Some Florida driver’s license holders having problems at TSA checkpoints
Some Floridians said they are having problems with their valid driver’s licenses not scanning in the Transportation Security Administration lines at airports.
WFLX learned about the problem during a meetup in Royal Palm Beach.
Ron Friedman of Boca Raton told WFLX about a trip that was almost stopped before it started, when his valid license wouldn’t scan at the TSA security checkpoint before a flight to New York state.
"Initially it was frustrating," said Friedman.
When the license didn’t scan, Friedman said he was told by a TSA agent to get a printed boarding pass from his airline ticket counter.
According to Friedman, the boarding pass coupled with the license that wouldn’t scan allowed him to get through the security checkpoint.
He said the same thing happened on his return trip from New York state to Florida.
"These drivers license were newly issued to us," Friedman said. "So, I'm thinking maybe there's something wrong with the issue of it."
Turns out Friedman was not the only one having issues with his license.
It’s a problem statewide, including in Palm Beach County. Pinpointing the exact issue with the licenses hasn't been easy.
“We have no idea," Palm Beach County tax collector Anne Gannon said. "We just know once it started to happen the vendor was contacted and they developed a work around."
The license printing machines at local tax collectors offices are supplied by the Florida Department of Highway Safety and Motor Vehicles.

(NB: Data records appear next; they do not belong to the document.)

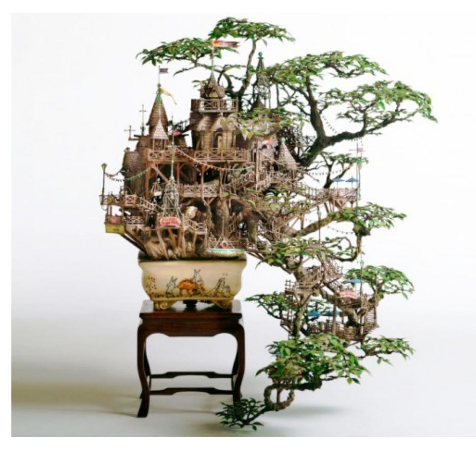
JUST FOR FUN!!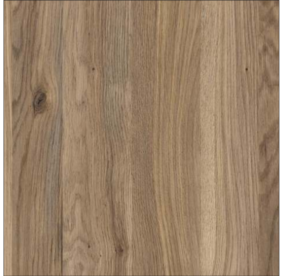
15071 | Mauvella Oak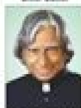
Dr. A.P.J. Abdul Kalam Former President of India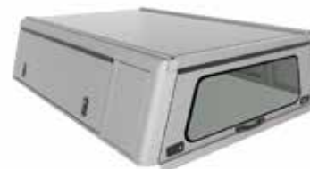
Adventurer [ Smooth / tread ]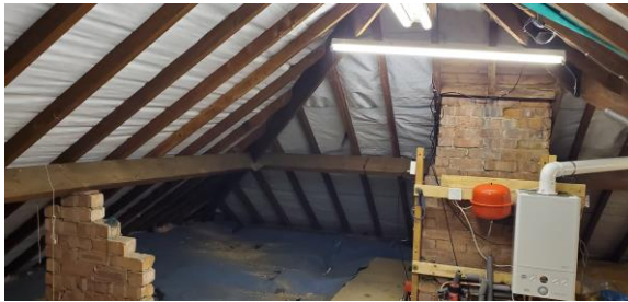
5 Internal view of loft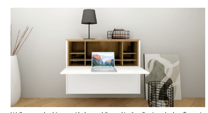
Wall-mounted cabinetry with the "mobile working" wall unit and a bar flap unit, Dimension approx. 120 cm.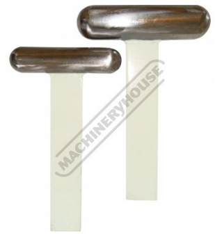
S2231 Straight Steel T-Dolly Set Large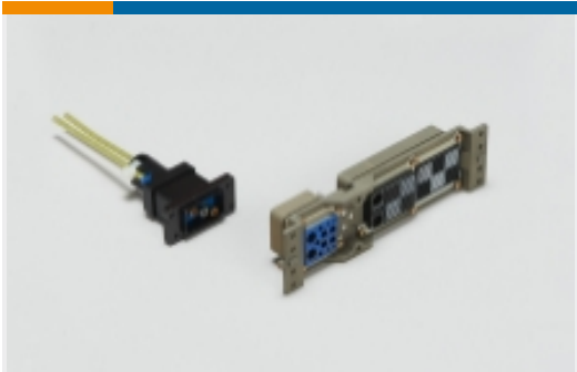
Rack & Panel Connectors(1)

In an email response, a spokesperson told WFLX:
"Occasionally an individual will experience an issue with the bar code printed on the back of their driver's license; however, it is infrequent."

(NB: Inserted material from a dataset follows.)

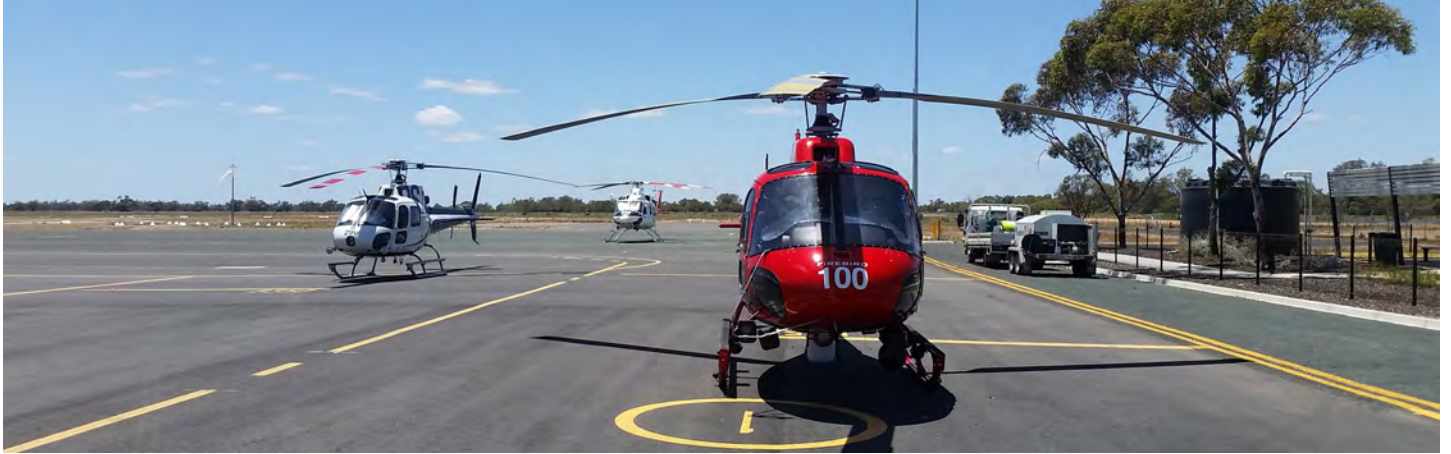
Helicopters at Wentworth Aerodrome during the floods

For now, handheld scanners will be given to each county tax collector’s office. They will be used to test the license barcode before it's issued to the customer. This becomes an extra step in already busy offices.
"What it really does is it adds transaction time, which really backs up our wait line," Gannon said.

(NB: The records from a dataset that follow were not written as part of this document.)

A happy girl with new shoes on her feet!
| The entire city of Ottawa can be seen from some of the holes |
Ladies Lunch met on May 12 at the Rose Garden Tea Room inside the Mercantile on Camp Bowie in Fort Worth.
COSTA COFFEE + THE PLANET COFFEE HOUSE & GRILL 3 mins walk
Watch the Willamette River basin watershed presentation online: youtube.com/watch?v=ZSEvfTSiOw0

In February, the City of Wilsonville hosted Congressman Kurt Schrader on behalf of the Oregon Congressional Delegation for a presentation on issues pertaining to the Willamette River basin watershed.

Gannon and the Department of Highway Safety and Motor Vehicles didn't say how many license holders have been affected.
Licenses make up about 52% of tax collector office business, according to Gannon.
Friedman hopes his next trip, a cruise out of Miami, will go smoother.
"Very frustrated that I tried to elevate this by normal means," Friedman said. "So, I’m proud and happy that a TV station like WPTV is willing to take this on."
Friedman said he had to pay $15 for his license reprint.
A Florida Highway Safety and Motor Vehicles spokesperson said if Florida licenses do not scan they will be reprinted without being charged a new fee.